Environmental Origins of Equine Antimicrobial Resistance
“This study will elucidate how antimicrobial resistance and virulence determinants are shared among horses and hospital environment, as well as the role antimicrobial exposure plays at this interface,” says Dr. Brandy Burgess of the University of Georgia in Athens, Ga.
Treatment of Joint Injury with Mesenchymal Stromal Cells
“[The study will be an] evaluation of equine umbilical cord blood-derived mesenchymal stromal cells to treat joint injuries in horses,” says Dr. Thomas Koch of the University of Guelph in Guelph, Ontario.

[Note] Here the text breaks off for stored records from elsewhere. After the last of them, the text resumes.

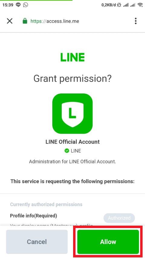5. Kamu akan diminta untuk melakukan konfirmasi persetujuan penggunaan aplikasi Line Official Account, kamu tap saja pada tombol Allow (pada beberapa kasus, tampilan ini akan muncul ketika kamu ingin login, atau ketika kamu selesai membuat Official Account pertama kamu, pada kasus penulis sendiri untuk tampilan ini muncul ketika sudah membuat OA pertama di aplikasi ini).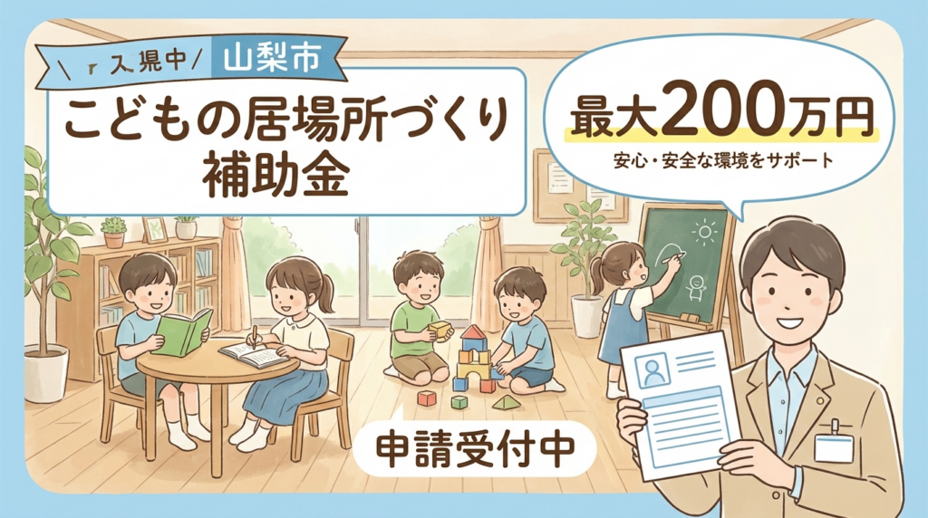 山梨市では、子どもたちが安心して過ごせる環境を整備するため、非営利団体を対象とした「こどもの居場所づくり支援団体補助金」を実施しています。本制度は、最大200万円の補助により、学習支援や生活習慣の形成を目的とした拠点づくりを強力にバックアップするものです。
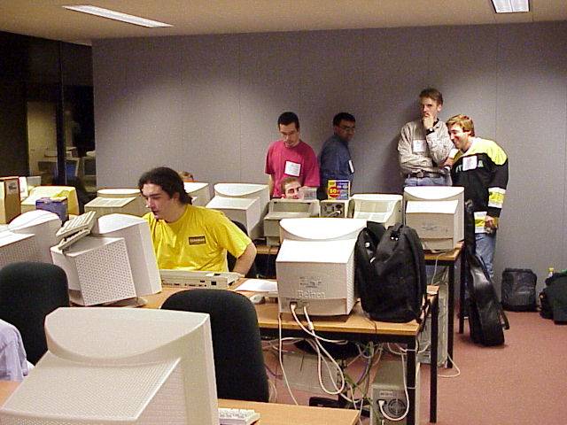 Room 1.06 quickly became a Frenchie stronghold. I remember that one of the guys who is responsible for the hardware side of things became very nervous when these guys sat themselves down the way they did. Left to right: Zerkman, part of the top of the head of Frost, Dma-Sc (standing in the pink shirt), EdO (sitting in front of the pink shirt), Mic, Alain Derpin, José "Chuck of Dune" Martins.

Optimizing Bone Growth to Reduce Equine Fracture
“Reduction in distal limb fractures through exercise in young horses would have a significant positive impact on horse welfare and the economics and public perception of the horse industry,” says Dr. Mariana Kersh of the University of Illinois in Urbana-Champaign, Ill.
New Generation Equine Influenza Bivalent VLP Vaccine
“We propose to create a novel, safe and effective vaccine for equine influenza based on the 21st-century technology of noninfectious virus-like particles produced in plants,” says Dr. Thomas Chambers of the University of Kentucky in Lexington, Ky.

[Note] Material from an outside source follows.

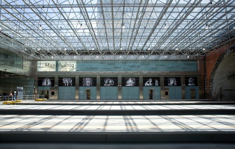 Il percorso archeologico, non sempre noto, attraversato dai treni della celebre linea regionale della Cumana, è presentato e integrato al sistema delle facciate interne dell'area banchine con sedici foto dell'artista Mimmo Jodice.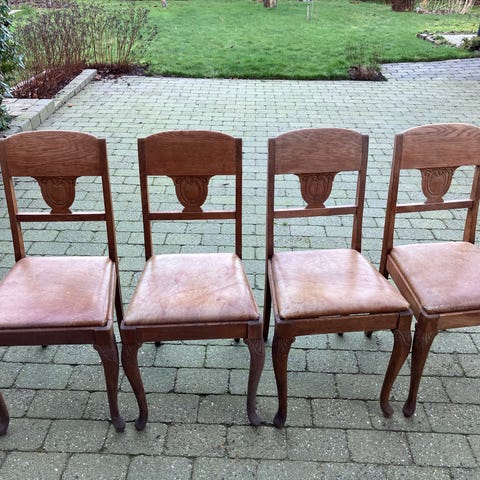 Tre træstole med læderbetræk Sælges også enkeltvis.Prisen for tre tilsammen er firs kroner.

Injury Prediction from Stride Derived Racing Load
“By studying patterns in bone fatigue accrual over time in racehorses, we will better, and earlier, identify horses at risk of limb injury, facilitating timely evidence based preventative strategies.” says Dr. Chris Whitton of the University of Melbourne in Melbourne, Australia.
Predicting Exercising Arrhythmias with Resting ECGs
“We will use at rest ECGs to identify horses with irregular heart rhythms at exercise that can cause sudden cardiac death (SCD), allowing for increased monitoring and improved understanding of SCD,” says Dr. Molly McCue of the University of Minnesota in Minneapolis, Minn.
Understanding and Preventing Supporting Limb Laminitis
“We aim to make supporting limb laminitis preventable through analysis of archived model tissues, a multi-center limb motion study of horses at risk, and development of a prototype therapeutic device,” says Dr. Andrew van Eps, an International Equine Veterinarian Hall of Fame member at the University of Pennsylvania in Kennett Square, Pa. Van Eps has lectured about his previous research at the International Hoof-Care Summit.
Diagnosis of Incipient Condylar Stress Fracture
“This study will save the lives of racehorses by establishing screening using fetlock CT for diagnosis of horses with a high risk of imminent serious injury for personalized clinical care,” says Dr. Peter Muir of the University of Wisconsin in Madison, Wis.
Career Development Awards
Dr. Callum G. Donnelly of the University of California, Davis, is the recipient of The Storm Cat Career Development Award, which grants $20,000 to an individual considering a career in equine research. Donelly has completed his residency program and is in a research training position under the mentorship of Dr. Carrie Fino. His project “Proteomic Investigation of Equine Spinal Ataxia” is expected to identify novel protein biomarkers that differentiate normal horses from those with spinal ataxia, with high sensitivity and specificity.
Dr. Aileen Rowland of Texas A&M University in College Station, Texas, is the recipient of the Elaine and Bertram Klein Career Development Award, which grants $20,000 to a prospective equine researcher. Rowland’s research focuses on the efficacy of xenogeny-free mesenchymal stem cells for osteoarthritis.
“We are pleased to continue our funding of two career development awards to support individuals passionate about equine research,” says Dr. Johnny Mac Smith, consultant to the research advisory committee. “Dr. Donelly and Dr. Rowland are worthy recipients of these grants, and I look forward to seeing how their current and future projects contribute to improving equine health in the future.”
It is the seventh consecutive year that the foundation has approved more than $1 million. The foundation has provided more than $30.6 million to underwrite 396 projects at 45 universities since 1983.